In the meantime, she started a family… Her husband, Sándor, was also from Mátyfalva, working as a mathematics-physics teacher. They married in 1955. A year and a half later, their son, István, was born. She was only allowed to stay home with him for 52 days before she had to return to work. Auntie Ilonka was teaching in Tiszapéterfalva, and her husband was relocated to Nagybégány (Velyka Beihan). Eventually, the education inspector took pity on them, and her husband got a job in Fancsika (Fanchykovo), next to Mátyfalva. A year later, Auntie Ilonka was transferred to Tiszaújhely as a German teacher. From there, she later moved to Mátyfalva, where she taught German for 27 years. During this time, she completed a German major at the university in Kyiv. She and her family lived first in Mátyfalva, then built a house in Ruszka Dolina (Rús’ka Dolina), next to the village. After their son, their daughter, Éva, was born.

Auntie Ilonka came from a religious family. At the age of eight, she walked all the way to Máriapócs (a major pilgrimage site). She knew all the Marian hymns. Her husband also received a religious upbringing. However, as teachers, they could not publicly practice their faith. In fact, at Christmas, they were sent out onto the street to spy on the children singing carols. But she never hurt the children because of their religion; on the contrary, she encouraged them to pray. In secret, she herself tried to preserve her religious faith. Once a month, she traveled to Ungvár, where no one knew her, and there she confessed and took communion. Her daughter’s church wedding and her grandchildren’s baptisms also took place in secret.

In the meantime, significant changes occurred in the family’s life: after their children settled in Beregszász, Auntie Ilonka and her husband also moved to the town on the Vérke river in 1987. They lived in a shared house with their daughter’s family.

Auntie Ilonka continued teaching. She first became a German teacher in Beregszász, and then in Beregsurány (in Hungary).

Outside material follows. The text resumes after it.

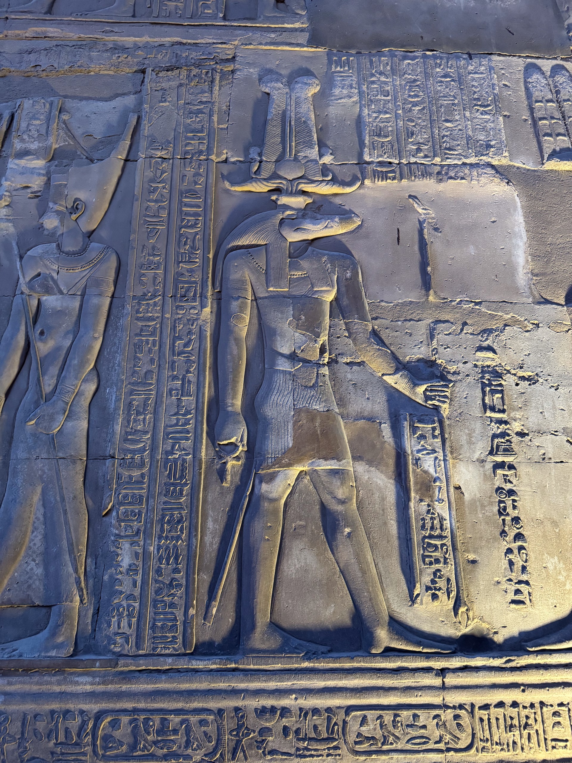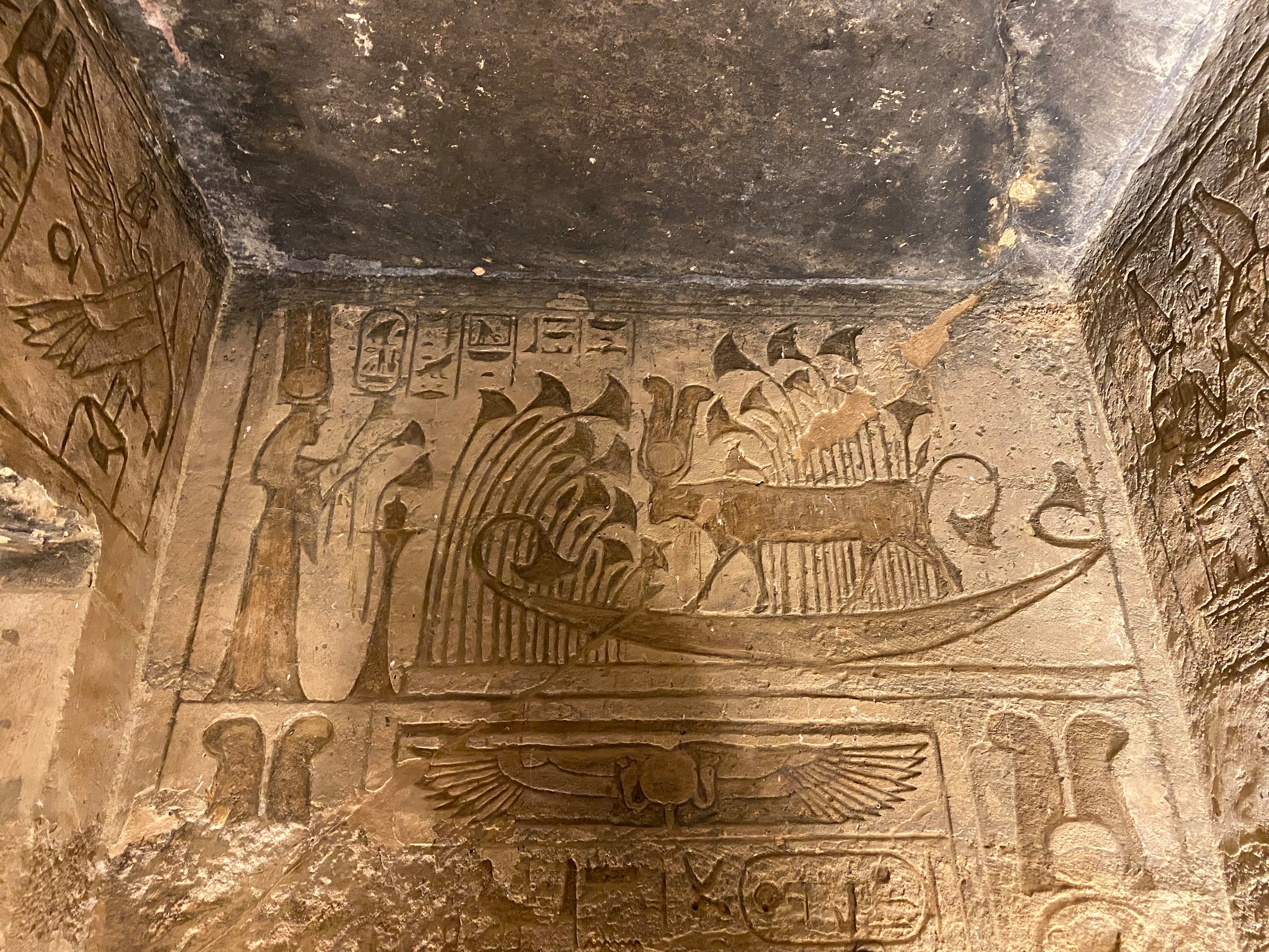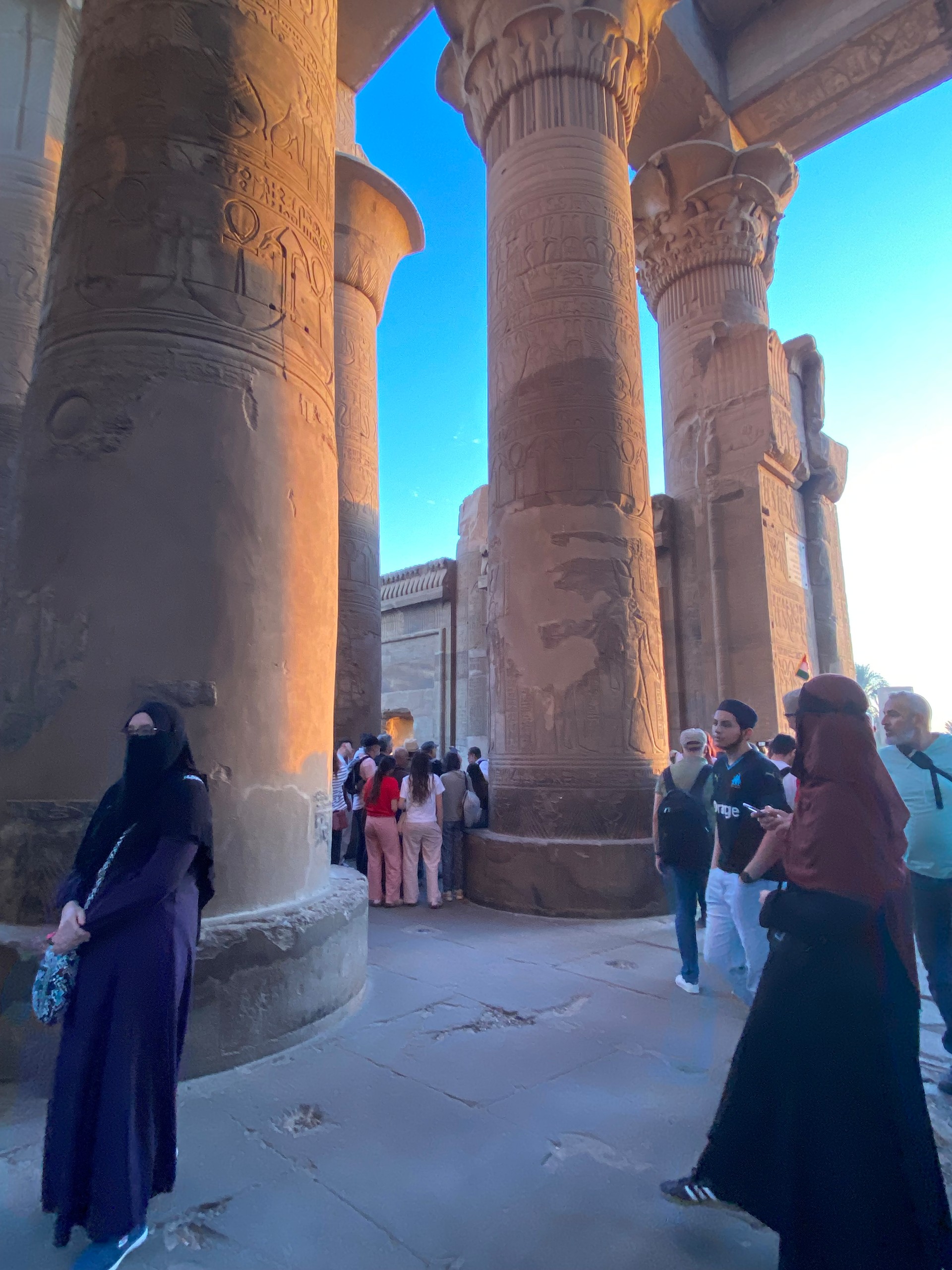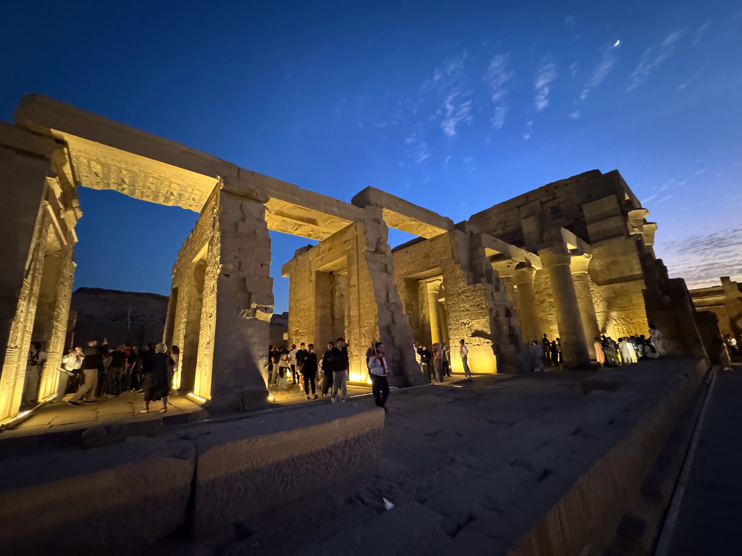 Um das Allerheiligste, den Raum Gottes am Ende des Tempelinneren zu sehen, muss man sich in eine riesige Menschentraube quetschen, um einen Blick auf die jetzt dort stehende göttliche Barke zu werfen. Diese Menschenmassen, die hier an allen Sehenswürdigkeiten sind, hängen natürlich mit den vielen Nil-Kreuzfahrtschiffen zusammen, die jeden Tag hier zur gleichen Zeit anlanden, so wie wir natürlich auch.

Then, after 54 years of marriage, Auntie Ilonka became a widow in 2002. She remained with her children and grandchildren. The family has grown in the meantime: her three grandchildren have had six great-grandchildren. The years have flown by; Auntie Ilonka turned 91 last year. She has overcome numerous illnesses, and although she is physically weak, she is mentally very fresh, and spiritually, she remains the unifying force of the family to this day.